Information theory fundamentals

This page is the “theory” version of the topic; for applied RL framing, see the Hugging Face Deep RL notes. This revision adds Python, tables, images, and footnotes so you can see how math-heavy posts look when they’re not pretending to be short.1

Shannon entropy

Shannon’s central question (1948): how do you quantify information? His answer: information is the reduction of uncertainty. If I tell you something you already knew, I’ve given you zero information. If I tell you something surprising, I’ve given you a lot.

Formally, the entropy of a random variable ( X ) with possible outcomes ( x_1, \dots, x_n ):

\[ H(X) = -\sum_{i} p(x_i) \log_2 p(x_i) \]

Entropy is maximized when all outcomes are equally likely (maximum uncertainty) and minimized (zero) when the outcome is deterministic. For a fair coin: ( H = -2 \times 0.5 \log_2(0.5) = 1 ) bit. For a biased coin (99% heads): ( H \approx 0.08 ) bits. The biased coin carries less information per flip because you already know what’s probably going to happen.

Quick reference — Bernoulli entropy

(P(X=1))(H(X)) bits (base-2)vibe
0.51.000fair
0.99~0.081boring
0.01~0.081also boring (symmetry)
0.0 or 1.00deterministic

Takeaway: “surprise” and “information” are the same currency — measured in bits when you use (\log_2).2

Tiny Python sanity check

import math
from typing import Iterable

def entropy_bits(p: Iterable[float]) -> float:
    """Shannon entropy in bits for a discrete distribution."""
    return -sum(
        pi * math.log2(pi)
        for pi in p
        if pi > 0.0
    )

print(entropy_bits([0.5, 0.5]))          # 1.0
print(entropy_bits([0.99, 0.01]))        # ~0.0808

Cross-entropy

The cross-entropy between a true distribution ( p ) and a model distribution ( q ):

\[ H(p, q) = -\sum_{i} p(x_i) \log q(x_i) \]

This is the loss function used in virtually all classification tasks in ML. When ( q = p ), cross-entropy equals entropy (the minimum). When ( q ) diverges from ( p ), cross-entropy increases. Training minimizes cross-entropy, which pushes the model’s predicted distribution toward the true distribution.

Numerical hygiene (footnote-sized lecture)

In code, you rarely compute log(0) directly — you clamp, or you use the built-in stabilized loss.3

import torch
import torch.nn.functional as F

# logits: raw scores from the last linear layer; target: class indices
def ce_loss(logits: torch.Tensor, target: torch.Tensor) -> torch.Tensor:
    return F.cross_entropy(logits, target)  # log-softmax + NLL, stabilized internally

KL divergence

The Kullback-Leibler divergence measures how different ( q ) is from ( p ):

\[ D_{KL}(p | q) = \sum_{i} p(x_i) \log \frac{p(x_i)}{q(x_i)} = H(p, q) - H(p) \]

Since ( H(p) ) is constant with respect to ( q ), minimizing cross-entropy is equivalent to minimizing KL divergence.
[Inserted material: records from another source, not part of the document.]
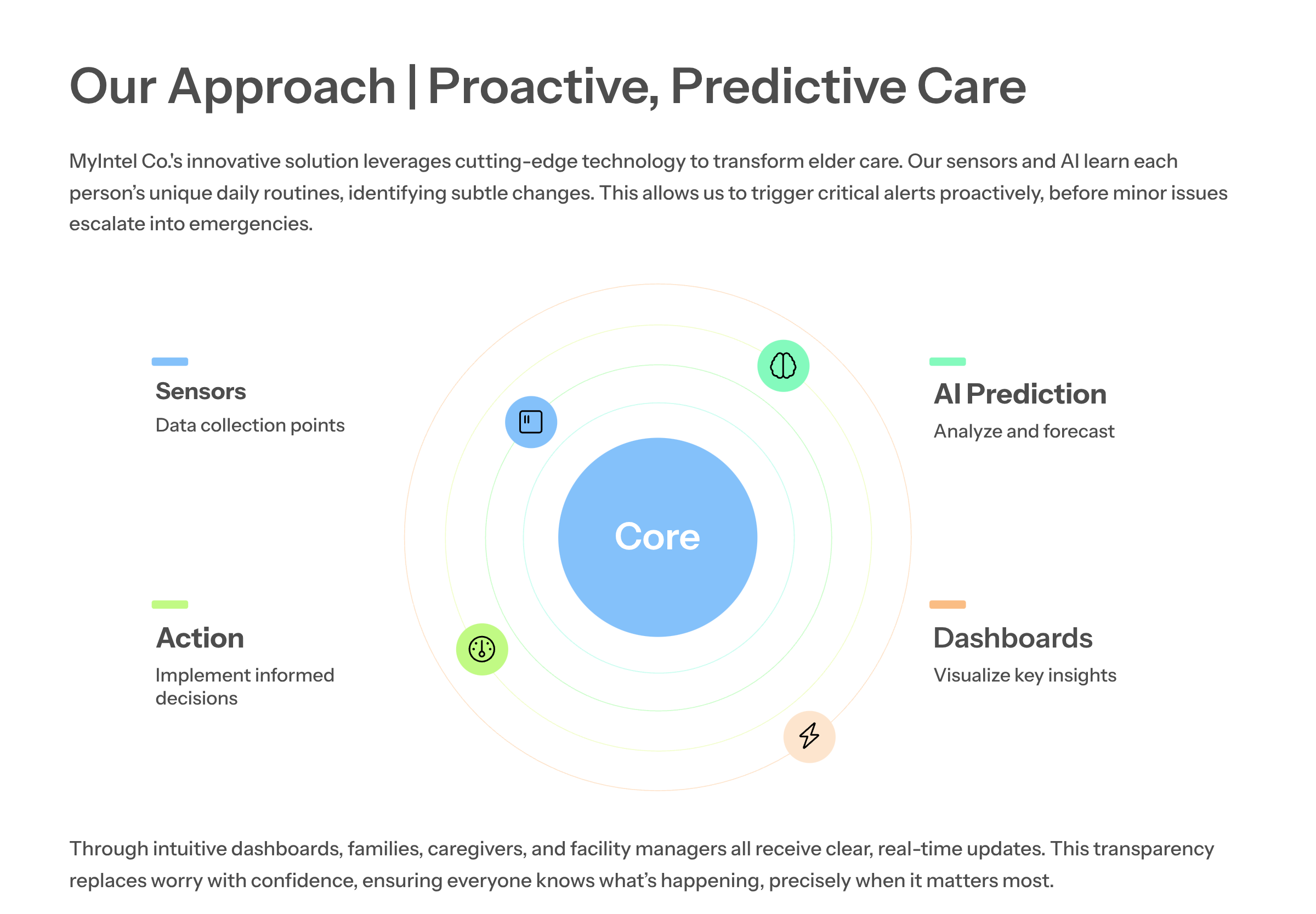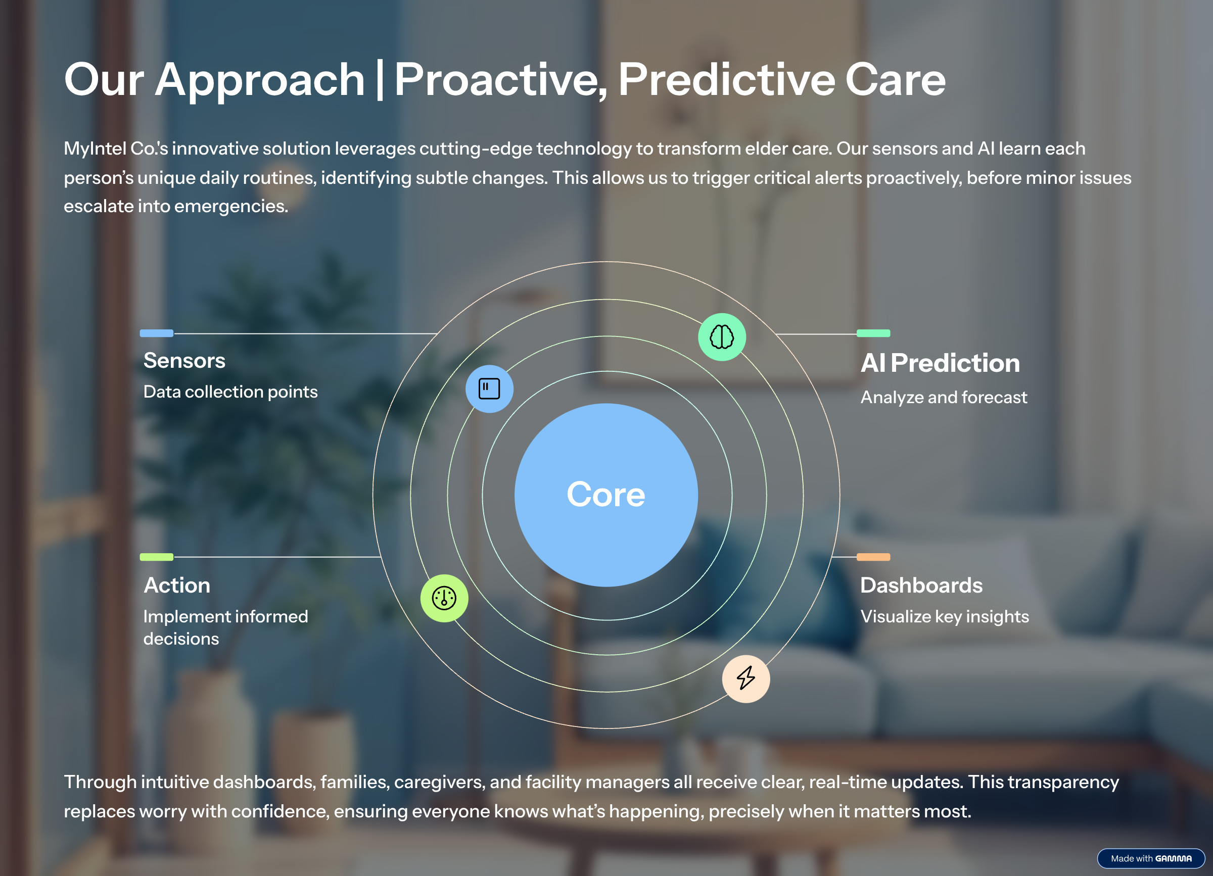 MyIntel combines privacy-first sensors with routine-learning AI to deliver calm, clear updates - no cameras, no wearables. Ideal for homes and senior living facilities.
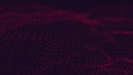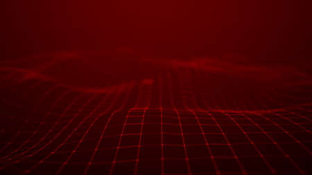 Wave 3d. Wave of particles. Abstract Red Geometric Background. Big data visualization. Data technology abstract futuristic illustration. 3d rendering.
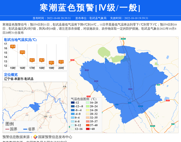 寒潮蓝色预警信号:预计9日到11日,彰武县最低气温将下降8℃到10℃,11日早晨最低气温将达到零下1℃到零下3℃;预计9日到10日,彰武县偏北风5到7级,阵风8到10级,请注意添衣保暖,对设施农业、农作物采取一定的防护措施。彰武县气象台2022年10月8日20时31分发布 信息来源:国家预警信息发布中心; 发布单位:彰武县气象局。
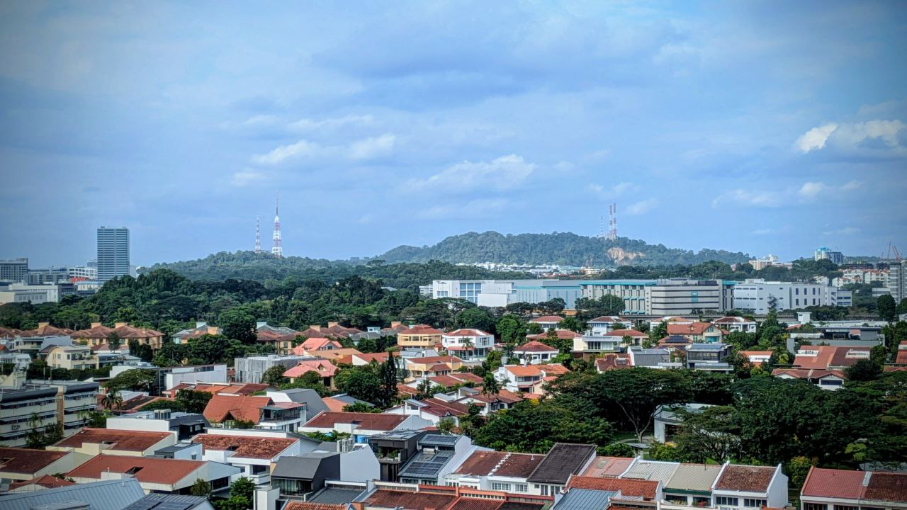 Bt Gombak (blocked by the tall building on the left), Bt Batok – where the two transmitting towers are, and Bt Timah, to the right – also where two transmitting towers are). Bt Timah happens to be the tallest land point in Singapore at 164m.

This is why cross-entropy is used as a loss: it’s a proxy for “how wrong is the model.”

Important: KL divergence is NOT symmetric. ( D_{KL}(p | q) \neq D_{KL}(q | p) ). This asymmetry has practical consequences:

  • Mode-covering (( D_{KL}(p | q) )): the model tries to cover all modes of ( p ), even at the cost of spreading probability mass to unlikely regions. This is what variational inference typically minimizes.
  • Mode-seeking (( D_{KL}(q | p) )): the model collapses to a single mode of ( p ), ignoring others. This is what GANs tend to do.

Nested blockquote, because this point confuses everyone at least once:

Remember: KL is an expectation under (p) of log-ratios.

If you swap which distribution sits “under the expectation,” you get a different objective — not “the same thing but tweaked.”

Mutual information

The mutual information between two variables ( X ) and ( Y ):

\[ I(X; Y) = H(X) - H(XY) = H(Y) - H(YX) \]

It measures how much knowing one variable reduces uncertainty about the other. If ( X ) and ( Y ) are independent, ( I(X;Y) = 0 ). If knowing ( X ) completely determines ( Y ), then ( I(X;Y) = H(Y) ).

This shows up in feature selection (which features carry the most information about the target), representation learning (InfoNCE loss), and decision trees (information gain is mutual information between a feature and the class label).

Figure: classic RL diagram (caption pattern)

Cross-linking visuals helps when you’re bouncing between “information theory” and “agents in environments”:

RL process diagram (from course materials) The RL loop — states, actions, rewards — same picture as in the HF RL notes, different surrounding prose.

Screenshot snippet used in older notes Legacy screenshot kept around to test PNG + caption styling on long pages.

Why this matters

Shannon’s framework provides a rigorous language for talking about learning. Training a model is reducing entropy. Overfitting is memorizing noise instead of structure. Compression and prediction are the same problem viewed from different angles (a good predictor is a good compressor, and vice versa). Information theory doesn’t tell you how to learn, but it tells you what learning means.

Checklist: translating theory to debugging questions

  1. Calibration: Are my predicted probabilities meaningful — or just ranking scores?4
  2. Bottlenecks: Is mutual information between representation and label actually non-trivial?
  3. Regularization: Am I penalizing capacity or penalizing noise fitting — different fixes.
# Not information theory — just the vibe of "measure everything"
python - <<'PY'
import math
for p in [0.5, 0.9, 0.99]:
    print(p, -p*math.log2(p) - (1-p)*math.log2(1-p))
PY

Further reading (external): MacKay’s Information Theory, Inference, and Learning Algorithms (free PDF) — famously readable. For ML-heavy treatment: Bishop’s Pattern Recognition and ML (chapters on entropy/KL in discrete settings).

  1. Scope: intuition + definitions + a few lines of code — not a full course. For depth: Cover & Thomas, Elements of Information Theory

  2. You can use nats ((\ln)) instead; ML papers often implicitly use nats when they write log without specifying a base. 

  3. See log-sum-exp trick — related to how softmax + cross-entropy are implemented safely in frameworks. 

  4. Calibration is not the same as accuracy — see calibration (statistics)